We moved on to Sooka Community School. It is closer to Mwandi and as the Headteaher said, a local lodge, as part of its community responsibility programme, goes more than the extra mile to help them out. However, the school relies on water from the lodge and would appreciate having a source of its own. Being beside the river means that fish and vegetables are more readily available and can be caught and grown. So as not to ‘flood’ the Mwandi market with fish and vegetables at the same time, a community agreement has been struck with individuals, agreeing on certain days of the week to sell their wares. The children here at Sooka Community School too are mainly from subsistence farmers and the granaries are empty here too.

On our way back to Mwandi, we passed four sites where Community-owned fish ponds are being dug to help take the pressure off the wild Zambezi fish stock.

The UCZ’s intervention is not only to introduce better policies but also to train communities in the best ways to cope with the negative effects of climate change that are already taking a toll on Zambian communities, The  UCZ is very concerned with the direction in which the world is moving especially with the continued denial by many world leaders of climate change despite evidence to the contrary However, the UCZ believes in both prayer and action. Climate change is inextricably linked with environmental justice especially in the extractive mining industry and as part of our socio-economic programme, climate change is a significant component.

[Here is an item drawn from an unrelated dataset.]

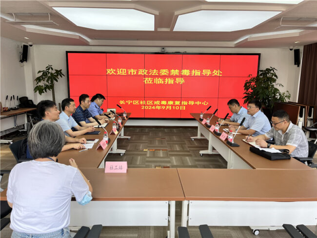 2024年9月10日上午,市委政法委禁毒指导处副处长王宝杰、四级调研员顾华、上海市自强社会服务总社总干事王雷,来到长宁区社区戒毒康复指导中心调研指导长宁区禁吸戒毒基础年和社戒社康标准化建设工作。区委政法委副书记、区禁毒办主任褚凯华,区委政法委副书记廖波参加。
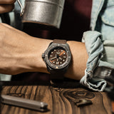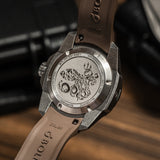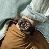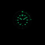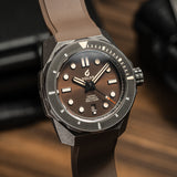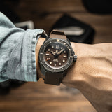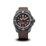 This model features a sunburst brown dial, custom embossed triple lock screw-down crown, and our very own Druber® fluoroelastomer rubber strap. Old Radium Super-LumiNova® provides powerful legibility underwater along with its high double dome sapphire crystal. Focus on the dive, your time is in good hands.

It is too simplistic, as some do, to portray climate change as the fulfilment of the biblical “end times” prophecy, but nevertheless with the prolonged drought the UCZ has organised prayer meetings to address climate change and its visible impact. The Church has to be a watch-dog on behalf of the people and to understand and be involved in the climate change discourse. It is a complex and moral struggle we are engaged in. This requires us also to engage politically to try an influence policy. The Church through the CCZ, has worked with Government already regarding policy highlighting to the dangers of uranium mining

A campaign called “We have faith – act for climate justice”, collected over 200,000 signatures across Africa, demanding a “just and legally binding climate treaty” at COP 17 in South Africa, in 2011.Since then, we have used our church structures to influence change. Disaster Risk Reduction Church Committees have been trained in tree planting, good forest management practices and sustainable agriculture.

Although the Zambian Government and the UCZ share the sentiments of “polluter pays” principle, demanding a fair share of resources to cope with climate shocks, we still see it is the most vulnerable communities that bear the brunt of climate change.